Google Glass is getting glasses.

Google is adding prescription frames and new styles of detachable sunglasses to its computerised, Internet-connected goggles known as Glass.

The move comes as Google Inc prepares to make Glass available to the general population later this year. At present, Glass is available only to the tens of thousands of people who are testing and creating apps for it.

Glass hasn’t actually had glasses in its frame until now.

Glass is basically a small computer, with a camera and a display screen above the wearer’s right eye. The device sits roughly at eyebrow level, higher than where eyeglasses would go.

It lets wearers surf the Web, ask for directions and take photos or videos.
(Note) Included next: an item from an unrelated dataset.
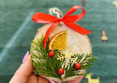 • Otrzymają ekologiczne i gotowe do udekorowania plastry drewna techniką malowaną lub dekoracyjną z użyciem świątecznych gadżetów. Rodzaj warsztatu wybrany przez organizatora.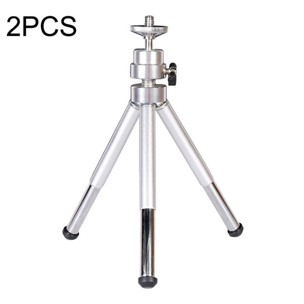 2PCS Projector Phone Stand Desktop Portable Telescopic Mini Metal Tripod, Style: 3 Sections (Silver)

Akin to wearing a smartphone without having to hold it in your hands, Glass also lets people read their e-mail, share photos on Twitter and Facebook, translate phrases while travelling or partake in video chats. Glass follows some basic voice commands, spoken after the words “OK, Glass”.

The gadget itself is not changing with this announcement. Rather, Google plans to make various attachments available. Starting Tuesday, the Mountain View, California, company is offering four styles of prescription frames and two new types of shades available to its “explorers” — the people who are trying out Glass. The frames will cost $225 (Dh826) and the shades, $150. That’s on top of the $1,500 price of Glass.
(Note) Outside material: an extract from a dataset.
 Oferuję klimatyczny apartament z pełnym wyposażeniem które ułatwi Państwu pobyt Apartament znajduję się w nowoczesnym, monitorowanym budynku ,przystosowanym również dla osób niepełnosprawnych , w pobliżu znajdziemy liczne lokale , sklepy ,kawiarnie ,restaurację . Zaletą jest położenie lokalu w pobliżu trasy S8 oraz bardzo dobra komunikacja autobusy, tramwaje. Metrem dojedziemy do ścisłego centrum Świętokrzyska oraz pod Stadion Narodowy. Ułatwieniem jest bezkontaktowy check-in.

Isabelle Olsson, the lead designer for Google Glass, says the new frames open the spectacles up to a larger audience.

She demonstrated the new frames last week at the Google Glass Basecamp, an airy loft on the eighth floor of New York City’s Chelsea Market. It’s one of the places where Glass users go to pick up their wares and learn how to use them. Walking in, visitors are greeted, of course, by a receptionist wearing Google Glass.
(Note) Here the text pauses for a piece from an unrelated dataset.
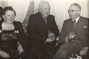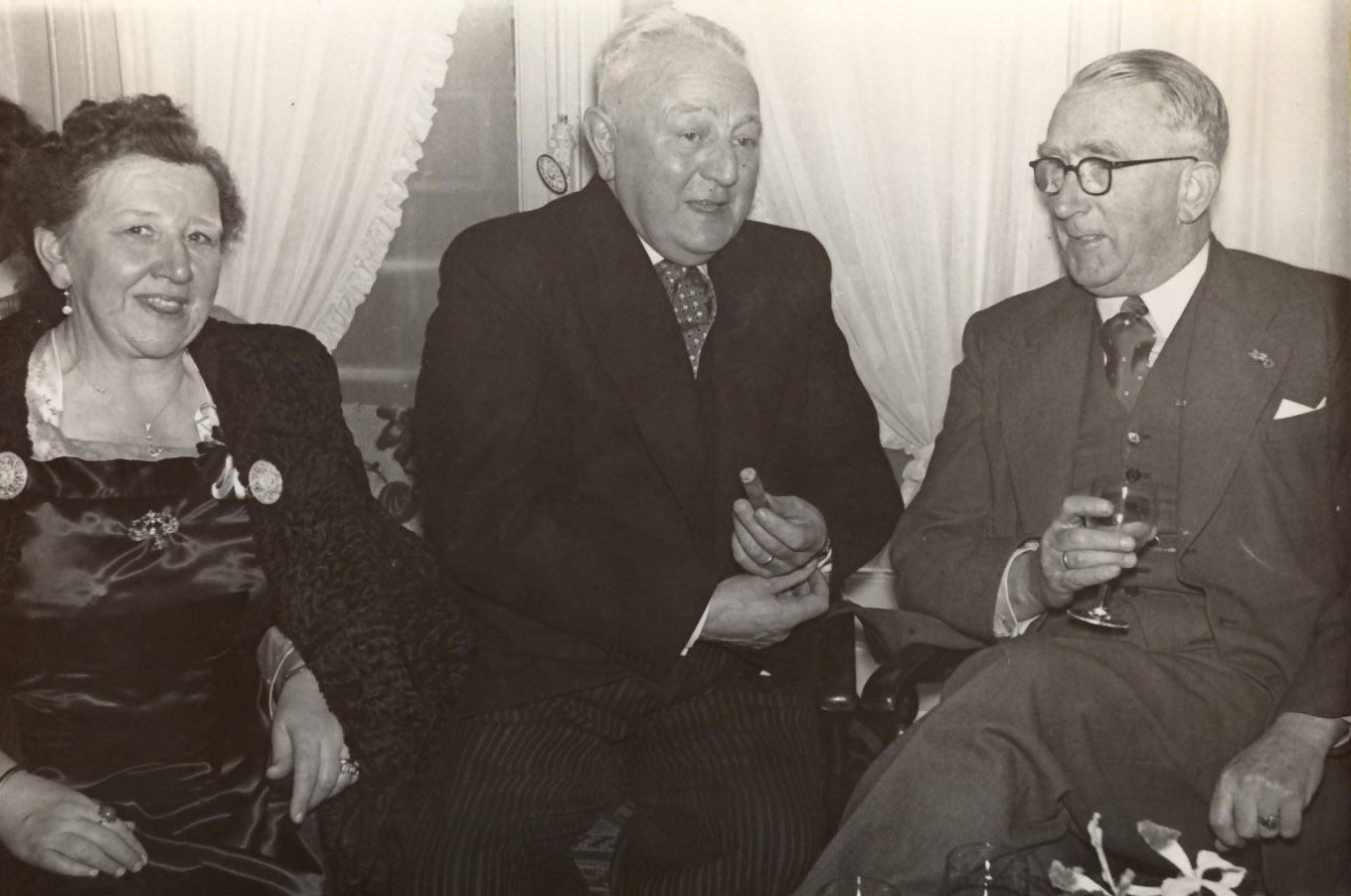 ![body=[]](documenten/textielgroothandel firma gebr. boelens/08.jpg) Annie en Jo Boelens-Desmense met burgemeester Mr Loeff bij de opening van Kerkstraat 32.

“We want as many people as possible to wear it,” she said.

To that end, Glass’s designers picked four basic but distinct frame styles. On one end is a chunky “bold” style that stands out. On the other is a “thin” design — to blend in as much as possible.

Olsson said Google won’t be able to compete with the thousands of styles offered at typical eyeglasses stores. Instead, Glass’s designers looked at what types of glasses are most popular, what people wear the most and, importantly, what they look good in.

The latter has been a constant challenge for the nascent wearable technology industry, especially for something such as Google Glass, designed to be worn on your face.

When Google unveiled Glass in a video nearly two years ago, it drew unfavourable comparisons to Bluetooth headsets, the trademarks of the fashion-ignorant technophile.

In designing Google Glass, Olsson and her team focused on three design principles with the goal of creating something that people want to wear. These were lightness, simplicity and scalability. The last one means having different options available for different people — just as there are different styles of headphones, from in-ear buds to huge aviator-style monstrosities.

Google Glass is at present available in five colours — “charcoal”; a lighter shade of gray called “shale”; white; tangerine; and bright blue “sky”. The frame attachments out on Tuesday are all titanium. Users can mix and match.

“People need to be able to choose,” Olsson said. “These products need to be lifestyle products.”